The Phantom Vietnam War: An F-4 Pilot’s Combat over Laos
By David R. “Buff” Honodel
A “small-town boy from the farm country of southern Pennsylvania,” David R. Honodel’s describes service during the Vietnam War as “an amazingly lonely experience.” As a US Air Force fighter pilot, “Buff” Honodel flew the McDonnell Douglas F-4D Phantom II from Udorn Air Base in Thailand. But his missions seldom carried him into Vietnamese air space. Instead he flew bombing missions in Laos, striking targets along the Ho Chi Minh trail.
While no two Americans experienced the same war, Honodel does more than add his voice to the volumes of memoirs written by Vietnam War veterans. He also sheds light on a lesser known facet to the air war. The CIA was widely involved in operations in Laos. Many details of American involvement in Laos, however, were not available until long after the war’s end. In The Phantom Vietnam War we get a first hand account of what USAF involvement looked like.

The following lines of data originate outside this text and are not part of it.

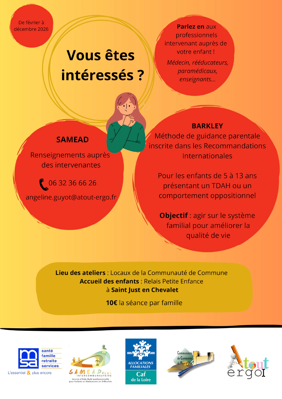 Le SAMEAD va proposer à nouveau sur la CCPU des ateliers de guidance parentale (méthode Barkley), à destination des parents d’enfants présentant des troubles du comportement, diagnostiqués ou non (TDAH, opposition, impulsivité, colères, difficultés à l’école…).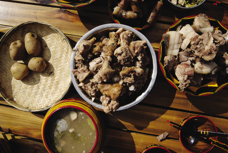 彝家人過年除了吃坨坨肉外,大多還要吃雞肉。這一天,家家桌上肉多多,素菜一般僅有一盆酸菜湯,這是解油去膩的美味。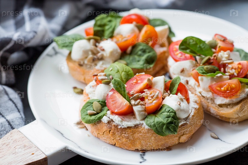 Брускетта (бутерброды) с помидорами черри, сыром моцарелла и зеленью на разделочной доске на темном фоне. Традиционная итальянская закуска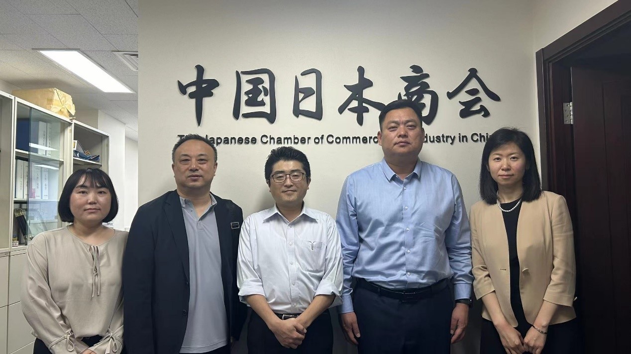 随后,走访团队来到中国日本商会。中国日本商会旨在协助会员顺利开展业务,并通过经济交流活动,促进日中友好关系,拥有松下、佳能、丰田汽车、资生堂丽源、日本航空等数百家会员企业。秘书长森挙一介绍了在中国的日本企业人才需求状况和每年4月在北京主办的“中日企业联合招聘会”。张子宇重点介绍了学院的人才培养和学生就业情况。森挙一强调培养具有跨文化交际能力的商务日语人才的重要性,并提出商会今后将对培养商务日语人才给予一定的支持。双方希望通过此举,实现学生在日资企业或相关机构的实习就业,从而培养出更加优秀的国际化人才,促进中日两国的友好交流与发展。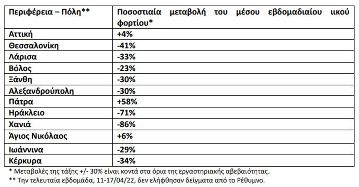 Καθαρά πτωτικές τάσεις παρατηρήθηκαν στα Χανιά (-86%), στο Ηράκλειο (-71%), στη Θεσσαλονίκη (-41%), στην Κέρκυρα (-34%) και στη Λάρισα (-33%).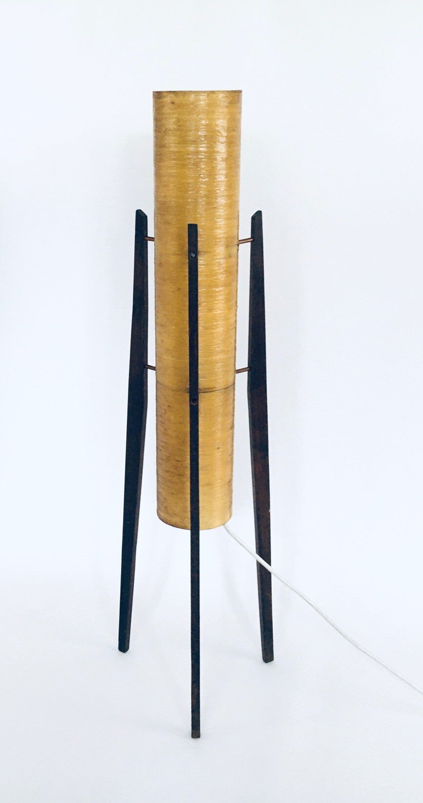 Vintage Midcentury Space Age Design ROCKET Floor Lamp by Novoplast. Made in Czechoslovakia, 1950's / 60's. Yellow fiber plastic shade with wooden tripod legs. Original condition with new wire and plug. Measures 116cm x 32cm x 32cm.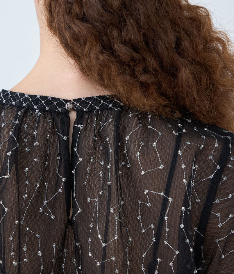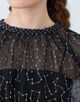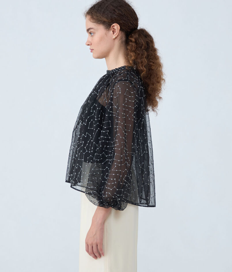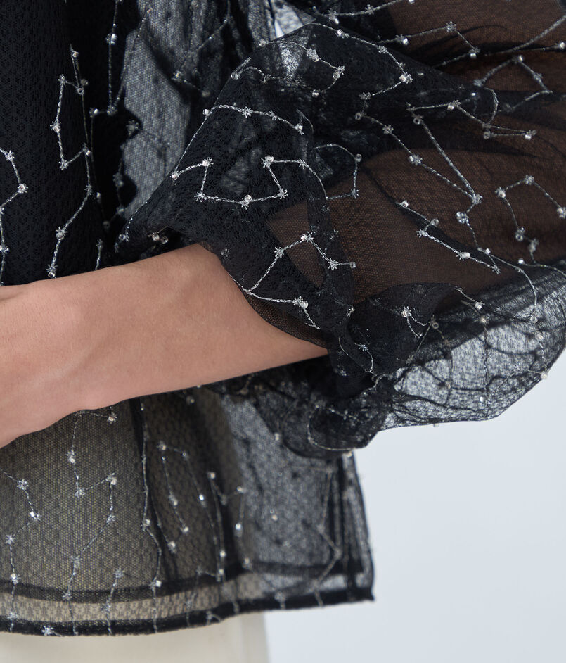 ビーズチュールエンブロイダリー スタンドボートネックブラウス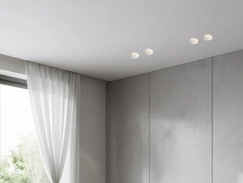 다운라이트를 천장에 매입하면 조명 테두리가 천장면 위로 살짝 올라오게 됩니다. 저가 제품은 이 테두리가 1.5~2cm로 두꺼운 반면, 고급 제품은 1cm 이하로 슬림하게 제작됩니다. 가장 상위 등급은 트림리스(Trimless) 방식으로, 테두리 자체가 없어 천장과 조명이 한 면처럼 보입니다. 호텔, 고급 주거, 갤러리에서 주로 사용하는 방식이며, 국내에서도 점점 수요가 늘고 있습니다.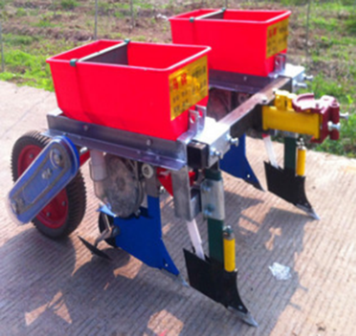 播种机与手扶拖拉机牵引座连为一体,随手把能灵活升降,具有结构简单,造价低廉,操作方便等优点,是配套手扶拖拉机的一种小型播种机。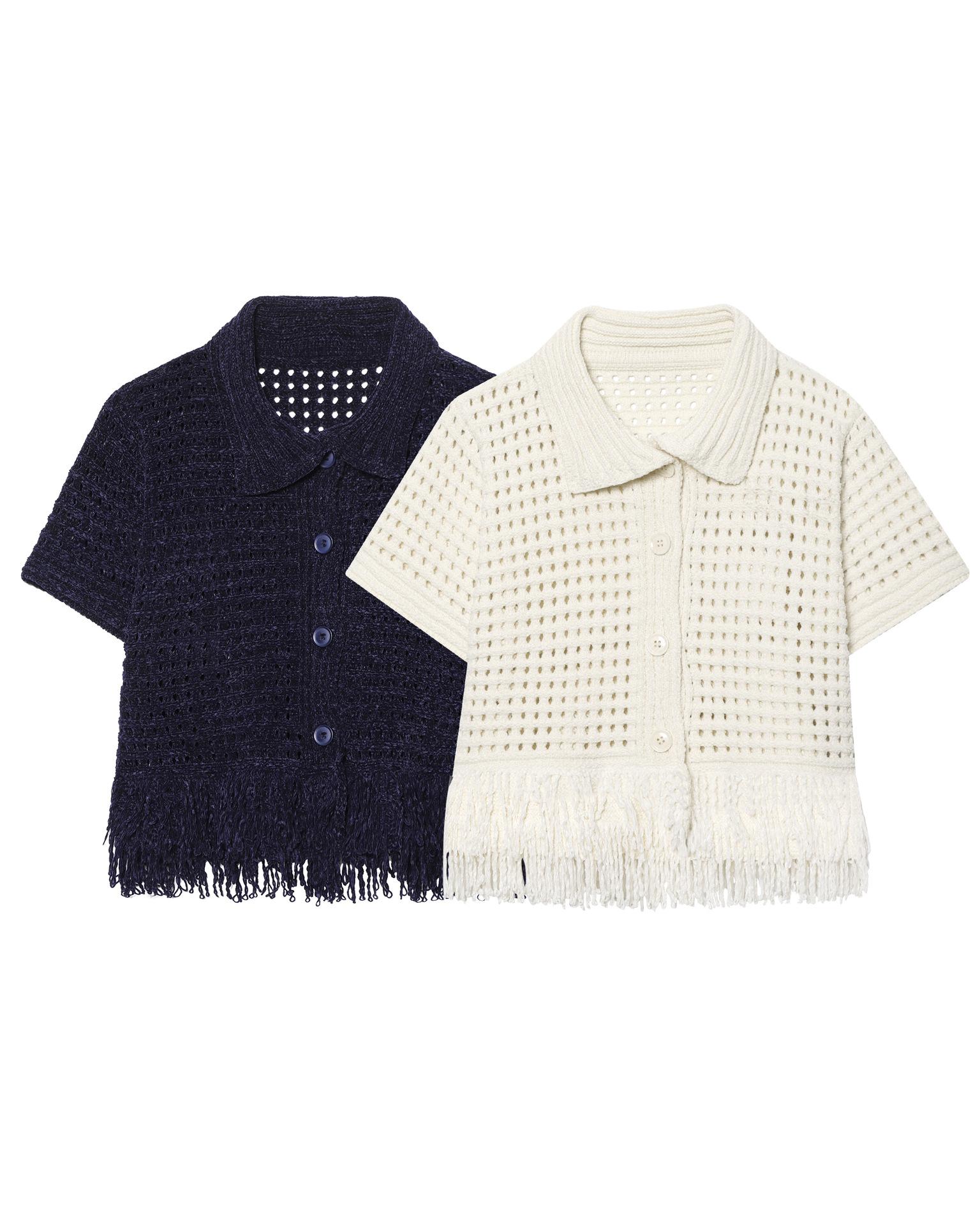 Off-white top, Navy blue top, Off-white skirt, Navy blue skirt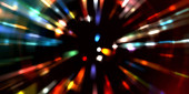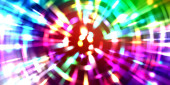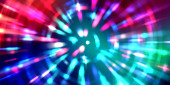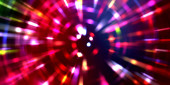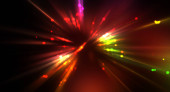 Fajne tło poruszających się świecących świateł. Żywy kolorowy szablon portalu dla Twojego projektu. Promienie świetlne i świecące cząstki w ruchu tworzące kształt tunelu czasoprzestrzennego.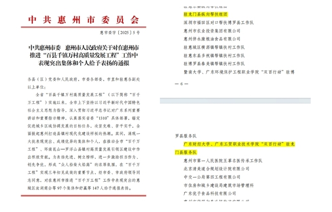 7月21日,中共惠州市委、惠州市人民政府发布通报,对推进“百县千镇万村高质量发展工程”(以下简称“百千万工程”)工作表现突出的集体和个人予以表扬。我校“双百行动”驻龙门县服务队荣获“工作表现突出集体”,彰显了学校在服务地方经济社会发展中的责任担当与工作成效。
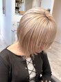 - ぱつっとボブ 顔周りレイヤー グレーベージュ ベビーピンク ニュアンスカラー ミルクティーピンク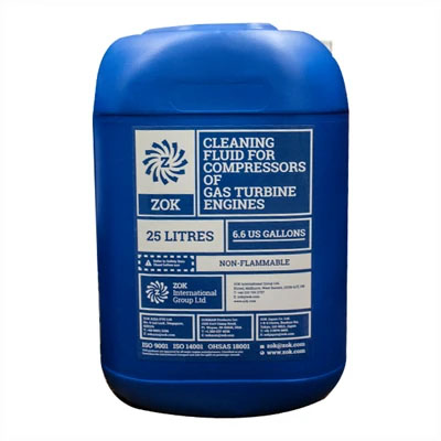 ZOK 27 is a concentrated, neutral, environmentally friendly, biodegradable water-based detergent cleaning fluid. It is specifically developed for cleaning and corrosion inhibition of gas turbine compressors.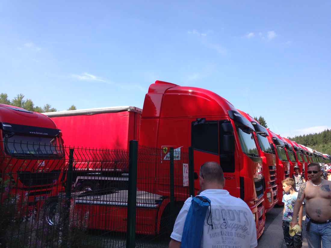We were meeting a father and son from Melbourne, Brian and Nicholas Xerri, who were over for this and the Italian GP, but due to the crowd and area the track covers, we would do that after racing. Once inside the circuit, we had another trek to find a viewing spot. Another 2km walk. This GP stuff is great exercise. On the way we passed the area where all the F1 prime movers were parked. I counted 41 Ferrari trucks alone. Logistics is unbelievable.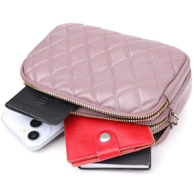 Ця шкіряна стьобана сумка на три відділення - ідеальний вибір для жінок, які цінують комфорт, порядок та бездоганний зовнішній вигляд у кожному образі.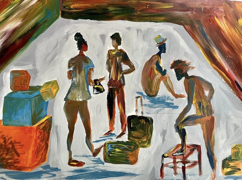 „A tehetséggondozó program első kreativitásra fokuszáló foglalkozásán, a diákok első körben az emberi test arányinak pontos ábrázolására törekedve, 4-5 gyors krokin keresztül bemelegítettek egy figuratív kompozició megalkotásához. Itt egy adott témához kapcsolódva, vázlatot készítettek. A felületen való komponálás után a javasolt különböző színbeli megoldásoknál, egy választott kontrasztot alkalmava, figyelve az expresszív színhasználatra, fény-árnyék érzékeltetésére, a harmóniára, az emberi figura arányaira, azok térben való elhelyezésére, igazán jó hatású, dinamikus kompoziciókat alkottak.” (Váncsa Mónika festőművész)

We also get a taste for the frustrations felt by men who were told by the military and government that they were not part of the war, which led to the denial of combat pay. Honodel’s unit worked around this by flying missions over South Vietnam once a month, dropping ordnance in free fire zones. These “Combat Sky Spot” missions are illustrative of the disconnect of air war participants from the civilian casualties they inflicted. Though Honodel offers insight periodically throughout his memoir, gained through years following his tour, there are also critical points in which such insight is blatantly missing. His recollection and description of Sky Spot missions is one such area. (In the epilogue, he briefly mentions the UXO efforts in Laos and Vietnam, but there is no connection with himself and his own actions during the war.)
Honodel is writing about his war as it happened nearly 50 years ago, and it seems long over, but the fact of the matter is that the United States is still not finished reckoning with the events and implications of Vietnam. Many veterans embody this ongoing struggle and Honodel is no exception. He demands understanding and sympathy from civilians without taking the time to understand them. While this is a very human trait, it does become tiresome to see again and again from numerous veterans decades after the war's end; Honodel's frustration in the context of his experiences as a young man comes across as genuine, but needs to be balanced with presentation of his personal growth since.
Overall, Honodel presents us with a well written account that was very hard to put down. As someone with no military experience and no technical knowledge of aircraft, his descriptions were easy to follow and engaging. Honodel is very adept at bringing his story to life. This is Top Gun in book form.